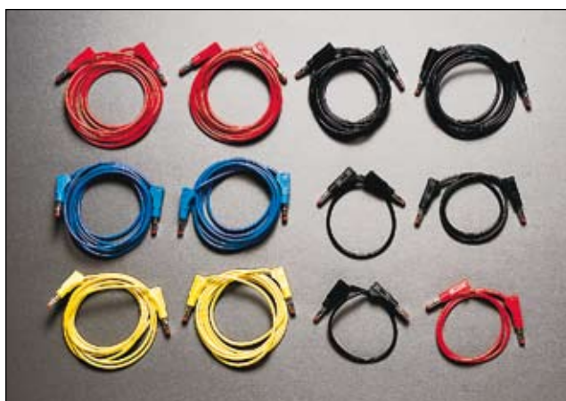
Test lead set GA-00032.
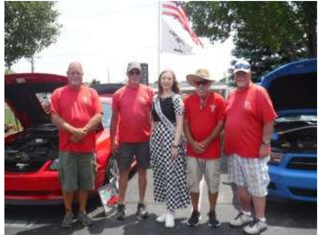
The guys just had to have their picture with the Brickyard 400 Princess.
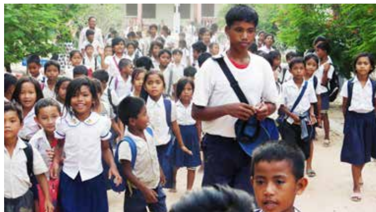
Ta Pen school's 400 children on a school outing

This massive increase has had an impact on costs, which have also been affected by the steep rise in staff salaries awarded in 2014 by the Ministry of Education. This is no doubt good news for the teachers but it adds to the challenges faced by Don du Chœur in running the school.

> [WORK TO BE COMPLETED] Would you reproduce the lines above, from the very first through the line containing "Ta Pen school's", exactly and without the pictures?

> [SOLUTION]
Test lead set GA-00032.
The guys just had to have their picture with the Brickyard 400 Princess.
Ta Pen school's 400 children on a school outing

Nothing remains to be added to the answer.